По безнадёжности все попытки воскресить прошлое похожи на старания постичь смысл жизни.

Иосиф Бродский, «Меньше единицы»

Часть первая. Мусор

У меня на такие запахи чутьё.

Харуки Мураками, «К югу от границы, на запад от Солнца»

I. Мусорный бак

В транзитной зоне аэропорта встретились двое: она возвращалась, он улетал. Он когда-то любил её, она нет. Но теперь уже всё – это последнее их свидание. Она знала его как Тони (Антонио Гомес, Тони-curiosity, любопытство – по названию марсохода: все их беседы сводились к Марсу, экзопланетам и гравитации), а Тони помнил её как Эл (Элла-Баффи – в связи с астероидом из области рассеянного диска, транснептуновый объект 2004 XR190).

Стояло лето, июнь, аэропорт Вильнюса. Он спросил её: «Как ты?»

– Никак, – Баффи возвращалась из Барселоны. – Красиво, конечно, но дома лучше.

– Лучше?

Он не сказал бы. Во всяком случае, он не вернётся. В РФ ему плохо, и ладно бы плохо – стыдно. Тони стыдился своей страны, её президента и электората этого президента. Его страна нарушала границы, захватывала территории и убивала инакомыслящих. Он был как птица. К примеру, голубь, но голубь отравлен – ему не жить, трафарет мыши (а не мышь) или собака с глазами, полными слёз и уже мёртвая – с ней поквитался догхантер (православный активист и колорад).

Короче, он был собакой – мёртвой, а до того шатающейся переулками, считай бездомной, но совершенно безвредной.
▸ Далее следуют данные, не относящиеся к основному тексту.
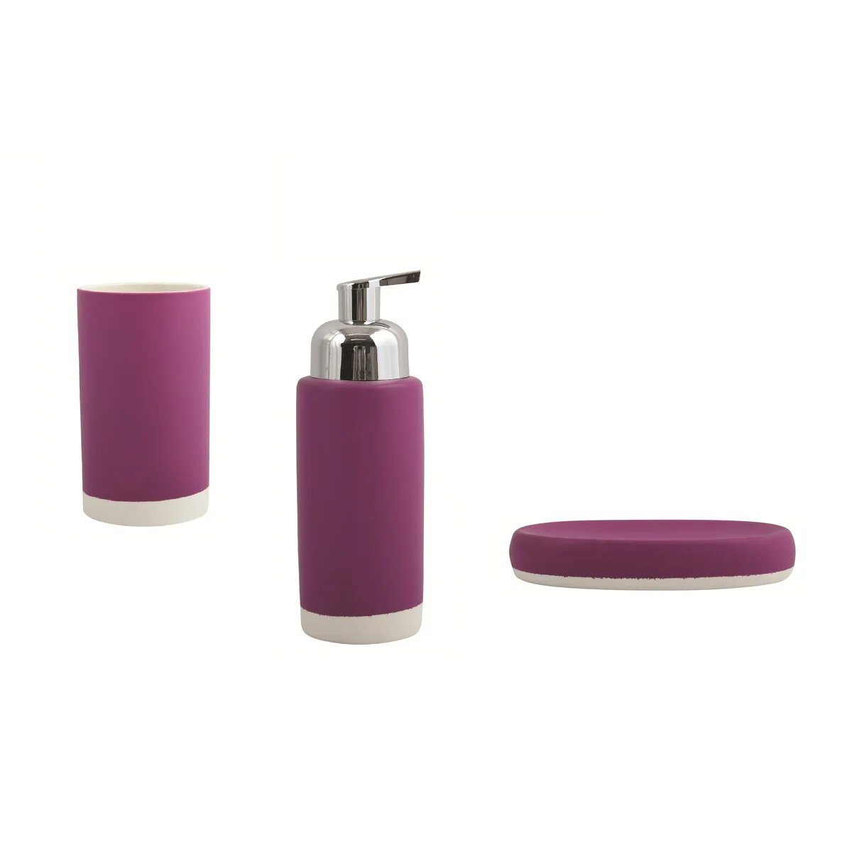 3-Piece Countertop Accessories Set MSV-France Cagliari Purple Soft Ceramic
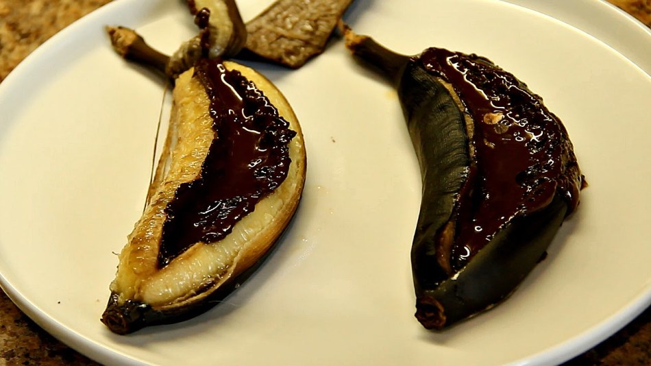 • Банан розрізає на 4 частини і розігрівається в мікрохвильовці
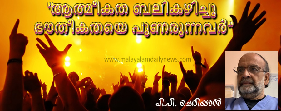 ഇത്തരത്തിലുള്ള ഗുരുതര സ്ഥിതി വിശേക്ഷമാണ് അമേരിക്കയിൽ കുടിയേറി പാർക്കുന്ന ഇന്ത്യക്കാരിൽ പ്രത്യേകിച്ച് മലയാളി സമൂഹത്തിൽ പ്രകടമായിരിക്കുന്നുവെന്നതിൽ ഒട്ടും അതിശയോക്തിയില്ല . ഇതിനെ ശരിയായി വിശകലനം ചെയ്തു സ്വീകരിക്കേണ്ടവയെ സ്വീകരിച്ചും ,തിരുത്തേണ്ടവയെ തിരുത്തിയും ആത്മീയ ഔന്ന്യത്യത്തിലേക്കു വിശ്വാസസമൂഹത്തെ നയിക്കുവാൻ എന്തെല്ലാം മാർഗങ്ങൾ സ്വീകരിക്കണമെന്ന് ആലോചിച്ചു തീരുമാനിക്കാൻ ബാധ്യസ്ഥരായവർ അഥവാ മതനേത്ര്വത്വം നിശ്ശബ്ദത പാലിക്കുന്നു . അതെ സമയം ഭൗതീക വിഷയങ്ങൾക്ക് ഊന്നൽ നൽകി ഭൗതീക നേട്ടങ്ങൾ എങ്ങനെ കൊയ്തെടുക്കാം എന്നതിൽ ശ്രദ്ധ കേന്ദ്രീകരിക്കുവാൻ ശ്രമിക്കുന്നുവെന്നത് ക്രിസ്തീയമൂല്യങ്ങളുടെ നിലനിൽപിന് തന്നെ ഭീഷിണിയുയർത്തുന്നു.
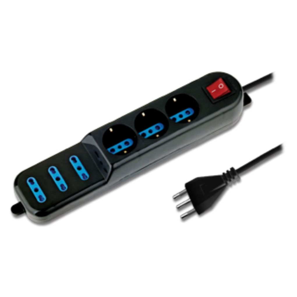 The Atlantis multi-socket strip is equipped with 6 sockets, including 3 Italian/European/Shuko and 3 with 10A/16A two-way connector. Practical to use to keep different devices within reach, this strip is equipped with child protection and can be connected via a 16A plug. Color: Black.
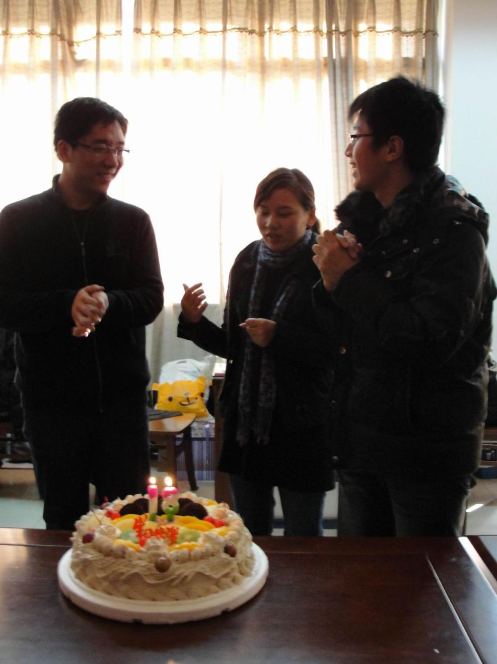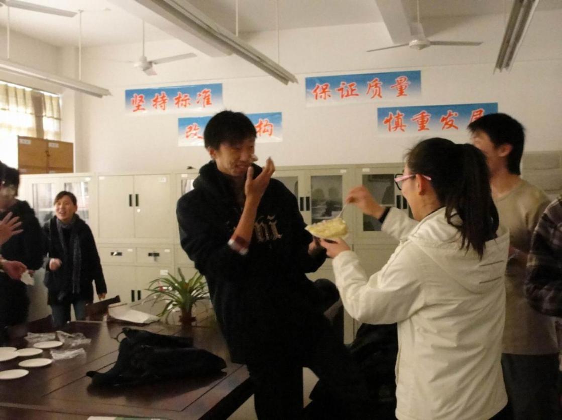 随着一首生日快乐歌,王健同学捧着大家早就准备好的蛋糕来到林老师面前给了他一个生日惊喜。生日蛋糕上,学生们特地插了“18”字样的蜡烛,代表着大家希望林老师永远年轻的美好愿望。在林老师许下自己的生日愿望之后,分团委副书记周凯便将一朵奶油裱花贴在了林老师额头,随后,一场奶油大战便开始上演。师生们互相在彼此脸上抹奶油,“战况”激烈,大家笑声连连。最后,在上课铃声即将敲响时,学生们才纷纷依依不舍地离开了办公室,结束了此次生日会的庆祝。 航空运输学院·飞行学院团学联一直为营造融洽、团结的工作氛围而不断努力。借助类似生日会这样的集体活动,学生们在得到欢愉的同时也增进了团学联整个团队的凝聚力,学生干部们都纷纷赞成这样一种互动交流的特别方式。 | |
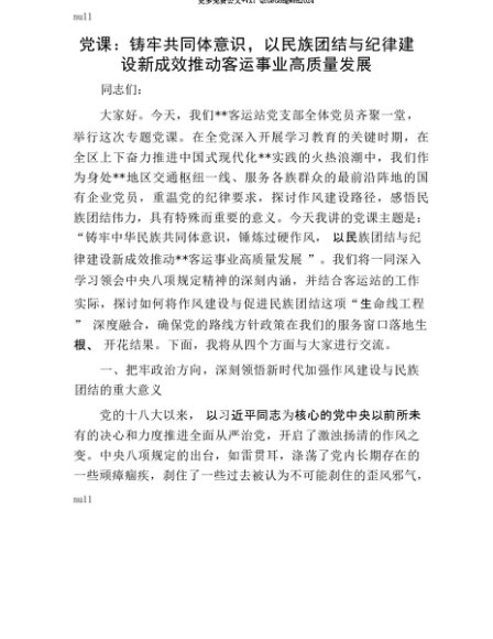 【七哥公文】2025年:【七哥公文】X课:铸牢共同体意识,以民族团结与纪律建设新成效推动客运事业高质量发展+更多免费公文+VX:QiGeGongWen2024+更多免费公文+VX:QiGeGongWen2024
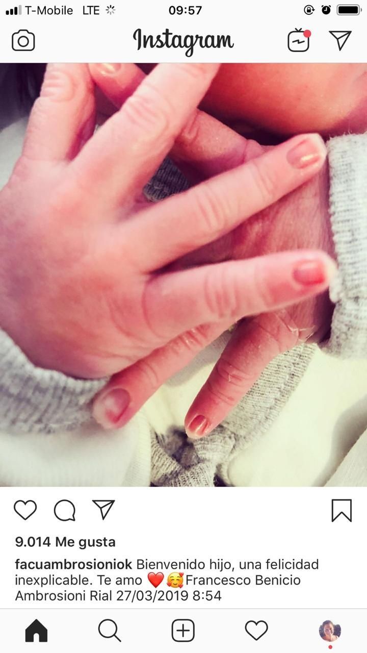 “Bienvenido hijo, una felicidad inexplicable. Te amo”, escribió Facundo en Instagram para presentar las manitos de su hijito. Una foto muy parecida usó la flamante mamá, que lo describió como “amor de mi vida”.
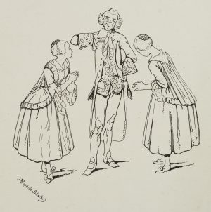 T. SCHULER (1821-1871), Rokoko-Karikatur mit Edelmann, Rokoko Karikatur

Последние год-два Тони работал астрофизиком в институте имени Штернберга, где хоть и не открыл ни одной звезды, планеты или астероида, зато немало придумал их – и свои звёзды, и планеты с астероидами (а художнику дом не нужен).

– Меня это не касается, – ответила Эл.

На том и расстались.

Она вернулась в Москву. Он прилетел в Лиссабон, а оттуда в Конди (Vila do Conde), где устроился дворником, снял комнату с видом на море и, казалось бы, зажил счастливо, но нет.

Время от времени, хватая метлу или заглядывая в мусорный бак, Тони перемещался на одиночный пикет в Россию. Подчас он путался – вроде бы и не РФ, но вокруг все пришибленные (глаза пустые, говорят по-русски). И точно – пару раз его занесло в Тирасполь, он «посетил» Харьков, Одессу, муниципий Комрат в Молдове, Сухуми в Грузии и метеостанцию «Прогресс» в Антарктиде. Завидев Тони на пикете (а пикет, естественно, запрещённый), милиционеры арестовывали его, насиловали шваброй и выбрасывали на помойку. На помойке Тони приходил в себя, и всякий раз помойка оказывалась помойкой в его родном уже Vila do Conde. Он был потрясён, но старался не выдавать себя и как ни в чём не бывало продолжал работу.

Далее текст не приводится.